Как уведомил нас центр, из Германии к Пиренеям устремились сотни немецких специалистов, которые ехали туда для оказания помощи Франко. Предполагалось, что это военные специалисты, они ехали отдельно от укомплектованных и полностью вооруженных еще в Германии фашистских частей, состоящих из «добровольцев». Срочное задание, которое я получил, требовало, в частности, проверить на месте достоверность этого сообщения.

Немецкие специалисты отправлялись в Португалию инкогнито, на иностранных судах. Они прибывали на поездах в какой-нибудь северный французский порт и оттуда на судах продолжали свой путь до «нейтральной» Португалии. Они ехали с небольшими чемоданами — остальной «багаж» перевозили немецкие грузовые суда, курсировавшие между побережьем Германии и Лиссабоном или следовавшие до Гибралтара…

Что это было? Маскировка? Но она уже была не в состоянии что-либо скрыть. Мировое общественное мнение было прекрасно осведомлено о военной интервенции Германии, Италии и Португалии и гневно ее заклеймило.
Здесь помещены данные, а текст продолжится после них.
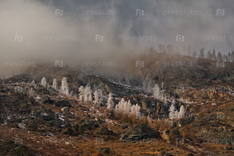 Россия. Горный Алтай. Кусты, покрытые инеем ранним весенним утром на перевале Кату-Ярык с видом на долину реки Чулышман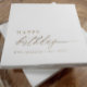 Celebre con estilo elevado con estas servilletas personalizadas de cumpleaños de color dorado que presentan un diseño elegante de "feliz cumpleaños" en letra script. El diseño minimalista moderno combina la elegante letra script con tipografía limpia para un aspecto que se siente simple y elegante.
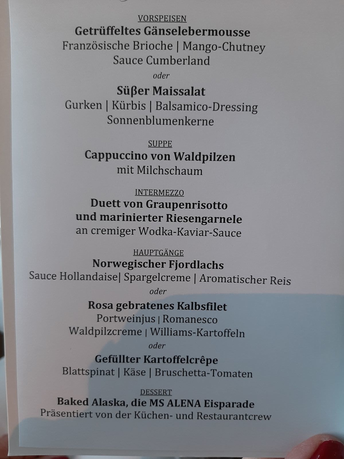 Die Kleidung beim Galabendessen war fast wie jeden Abend. Ordentliche Hose und Hemd oder schönes Poloshirt bzw. Bluse reicht völlig. Ist ja auch kein Kapitänsdinner sondern eben Gala . Vor dem Essen gab es auf dem Sonnendeck einen Sekt und ein paar Reden. Alles ganz locker und easy.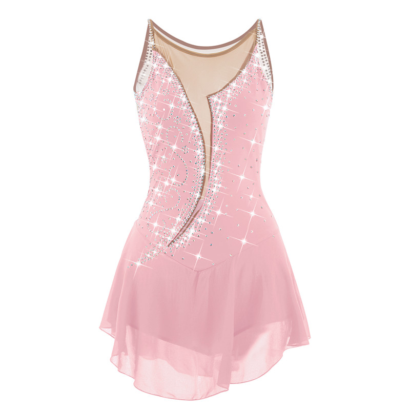 Figure Skating Dress Women's Girls' Ice Skating Dress Black White Pink Open Back Spandex High Elasticity Training Competition Skating Wear Crystal / Rhinestone Sleeveless Ice Skating Figure Skating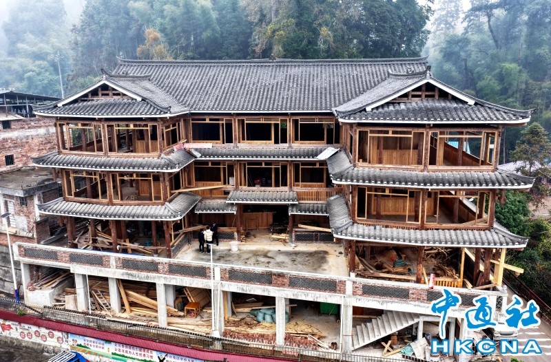 圖為石善章新建的三層雙塔式木樓。 香港中通社圖片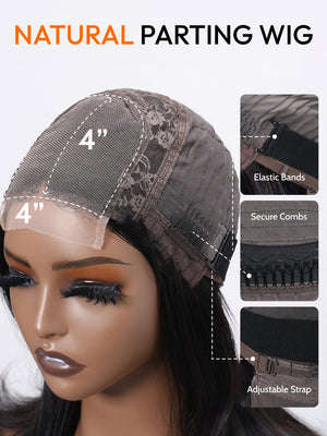 Beme Glueless ReadyWear 4x4 Natural Black Silk Straight BOB Wig 100% Human Hair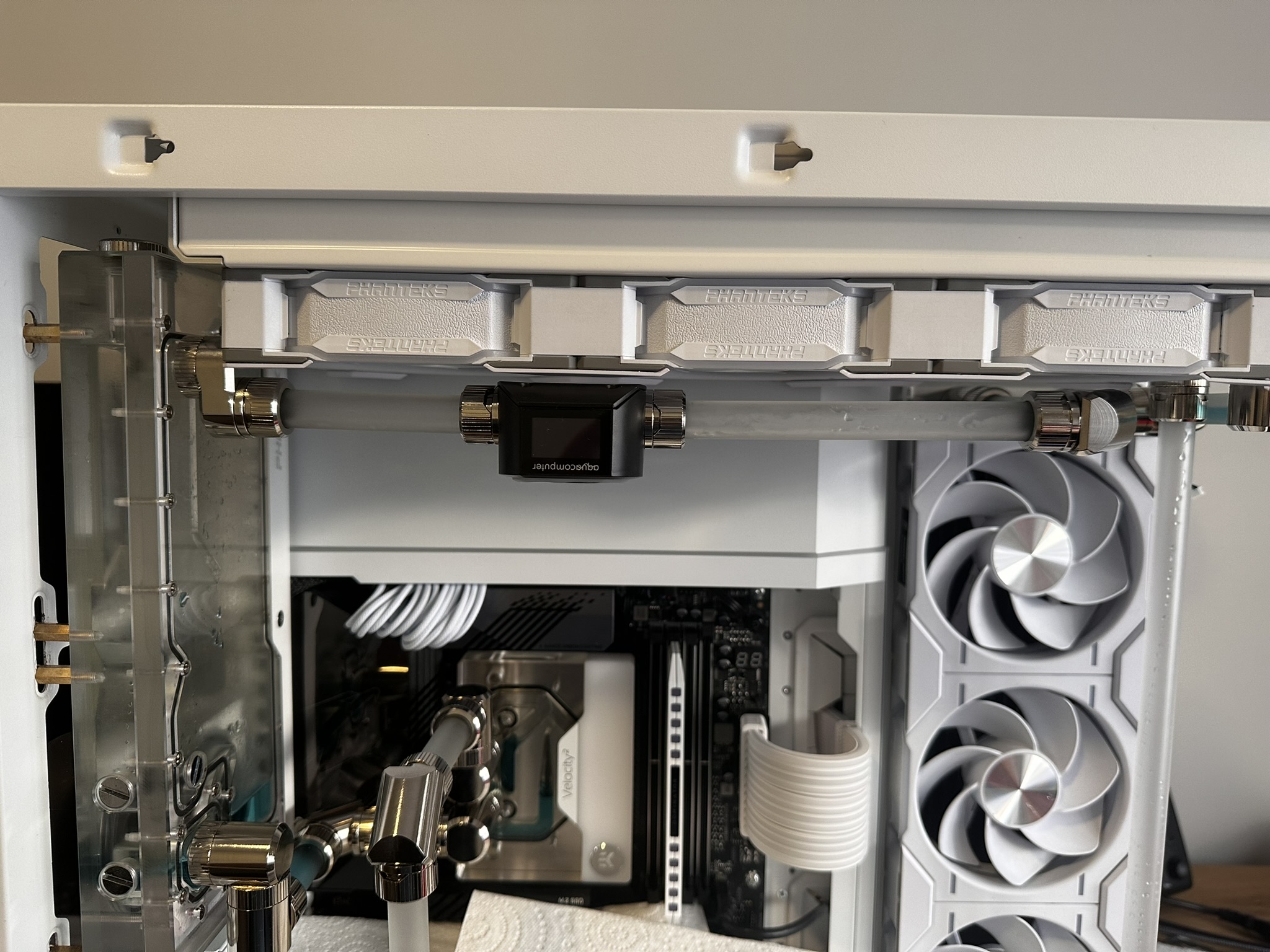 Why did you mount it upside down in the horizontal position? The manual says the High Flow Next does not care which direction the flow is. You could flip it 180° and have the coolant pass through it in the opposite direction. I guess you could not get to the buttons due to how close it is to the upper rad, but if it is connected via USB, you really don't need to use the buttons anyway. Can you mount it in the run from the GPU to the lower rad? That is a nice straight run and I think it would look good there assuming it does not cause the tubing to sag. If you mounted it in that run close to the GPU fitting maybe it could sit on the GPU back plate to support it (if its not too hot there).

Пожалуй, дело было не в том, чтобы ввести в заблуждение мировое общественное мнение, а речь шла о каком-то особом военно-тактическом приеме.

Так, впрочем, считал и центр: гитлеровцы скрывают объем и характер своей военной помощи Франко, опасаясь нашей разведки…
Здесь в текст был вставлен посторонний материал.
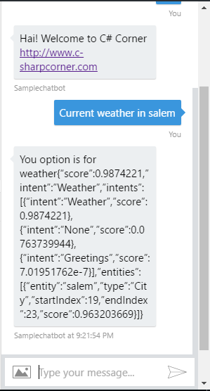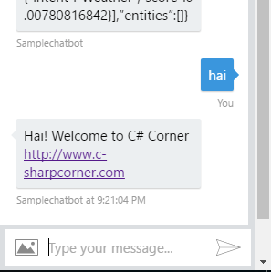 In bot Service Window, you will be able to find chat Window, which is cascaded at the right side. By using it, one sends a message to bot Service and finally, you get a response for the bot. Here, our bot application is working but it does not send any useful information which is needed by the users.
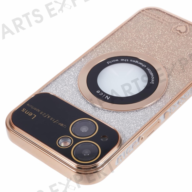 For iPhone 15 Plus Case Compatible with MagSafe Electroplating Slim TPU Phone Cover - Gold
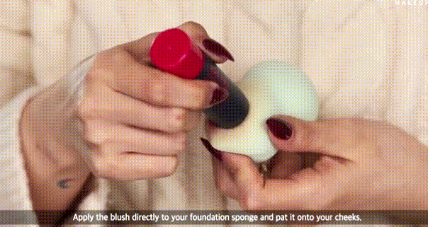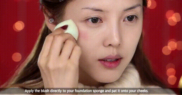 step2,点涂在两颊,用美妆蛋均匀晕染开来,延展到太阳穴的位置。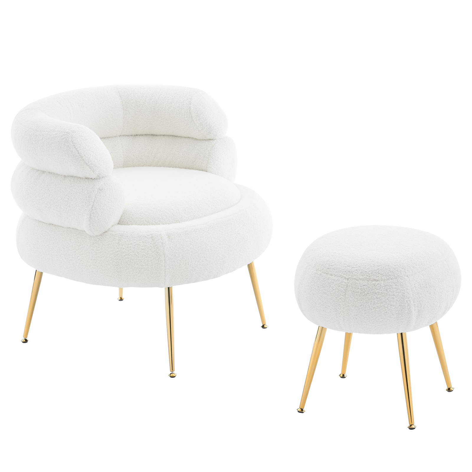 Ktaxon Modern Leisure Chair with Ottoman, Accent Chair with Armrests, Teddy Velvet Club Chair and Footstool Set for Living Room, Bedroom, Office Teddy White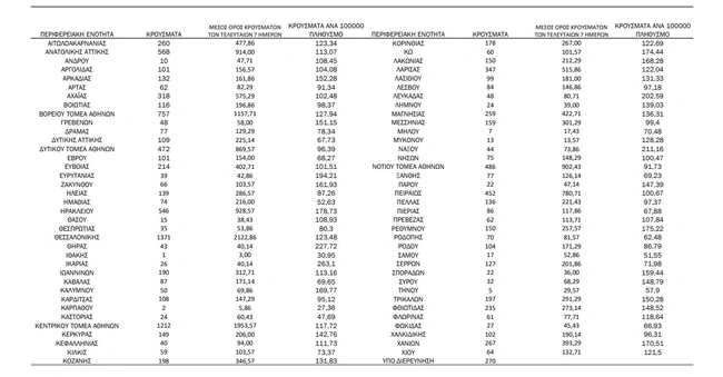 - Κεντρικός τομέας Αθηνών: 1.212 κρούσματα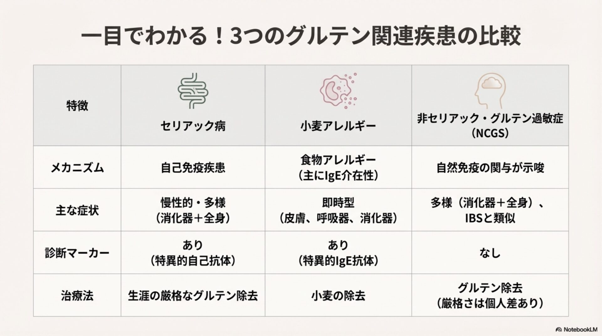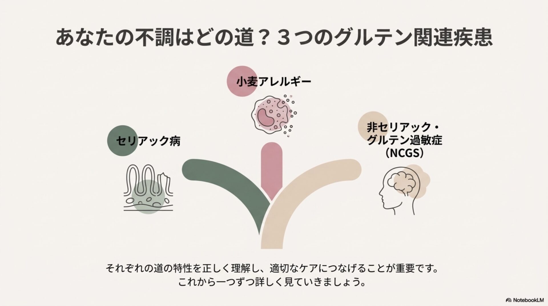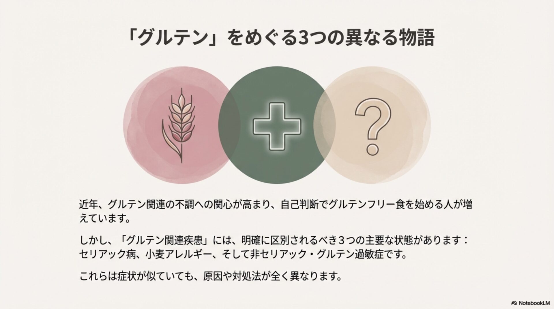 「グルテンが体に合わない」と感じる時、私たちはそれを一つの問題として捉えがちですが、医学的にはグルテン関連の不調は主に3つの異なる状態に分類されます。

— Жан, держу пари, что кое-кто из них, — я указал на немецких «туристов», — не знает, каким маршрутом, например, идет наше судно. У меня создается впечатление, что они смотрят, но не видят…
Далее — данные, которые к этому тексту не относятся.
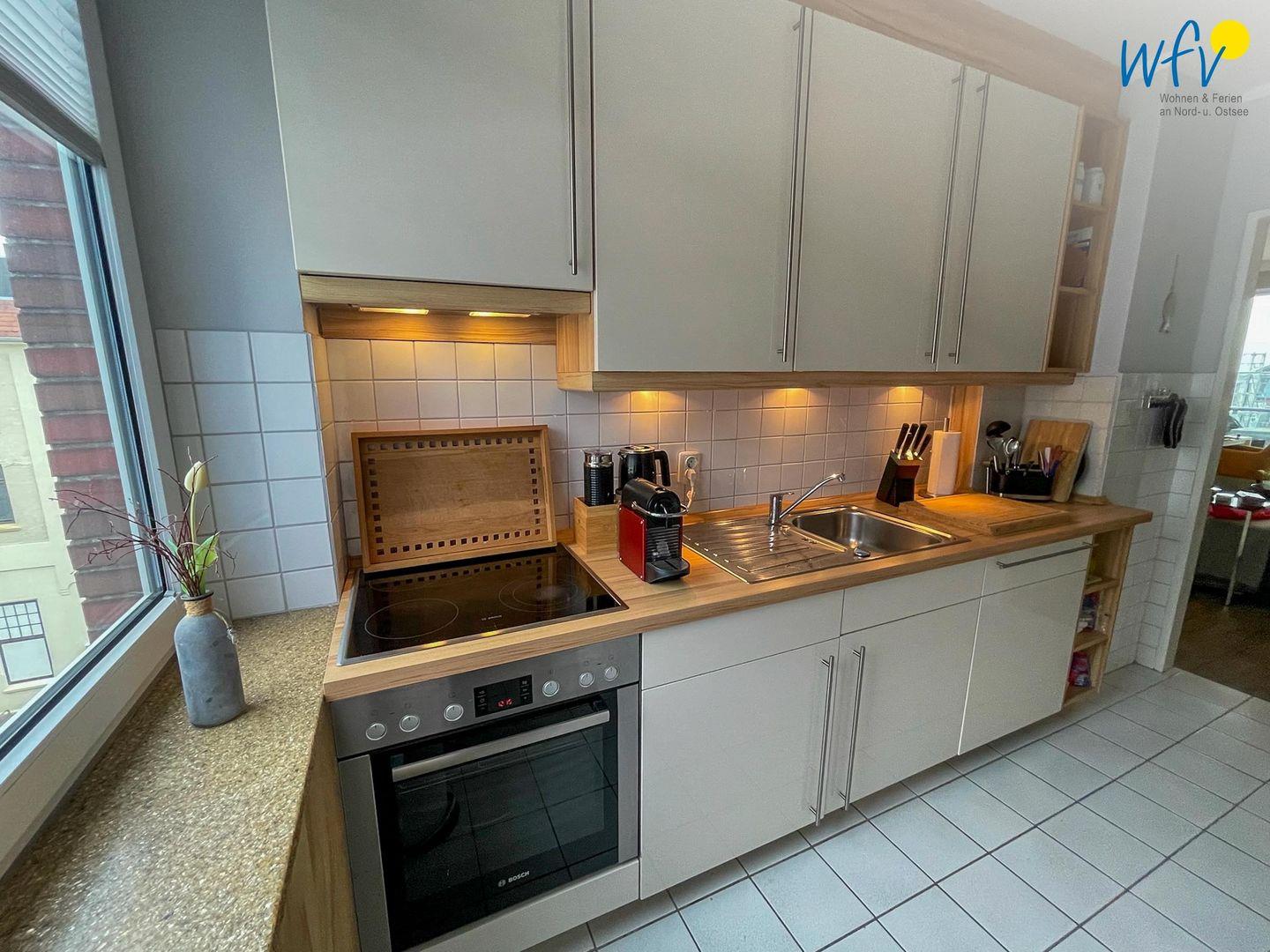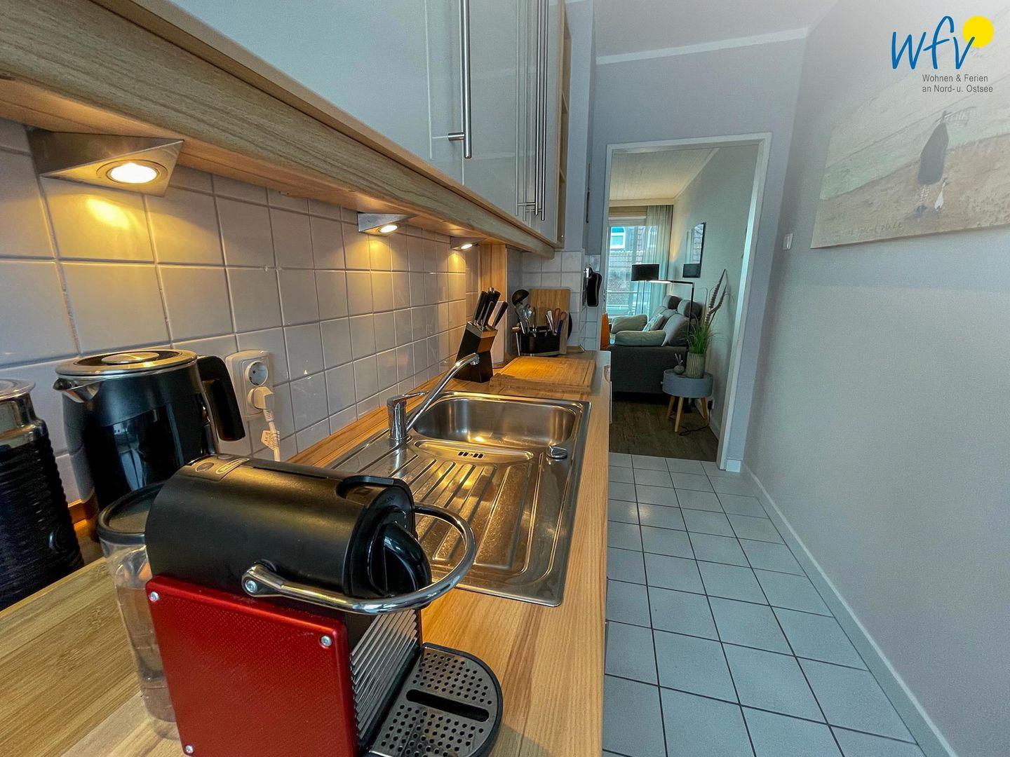 Für die bequeme Selbstverpflegung verfügt die offene Küche u.a. über einen 4-Platten-Herd, eine Spülmaschine und einen Backofen. Kaffee-Gourmets brühen sich eine Kaffeeauswahl in der Nespresso-Maschine auf (Kapseln). Ob für ein romantisches Dinner oder ein entspanntes Frühstück – hier haben Sie alle Möglichkeiten, sich kulinarisch zu verwöhnen. Ein schöner Essplatz am Fenster lädt zu gemeinsamen Mahlzeiten mit Blick in die Umgebung ein.

— Наши впечатления совпадают, — ответил Жан. — Смотрят, но не видят. И слушают, но не слышат… Они не знают маршрута корабля, но, бьюсь об заклад, отлично знают свой будущий маршрут Лиссабон — Толедо, подробно выучили топографию Наварры, Кастилии, Андалузии…

— Давай вызовем их на разговор, Жан? Хочется мне увидеть, как держатся в гражданской компании эти переодетые офицеры. И знают ли они другие приветствия, кроме «Хайль Гитлер»?

— Не стоит труда, — покачал головой Жан. — С ними я сражался у Вердена и в Вогезах, до сих пор ношу в своем теле осколок крупповской гранаты. Каждая встреча с немецким офицером мне причиняет боль. Правда, нет смысла…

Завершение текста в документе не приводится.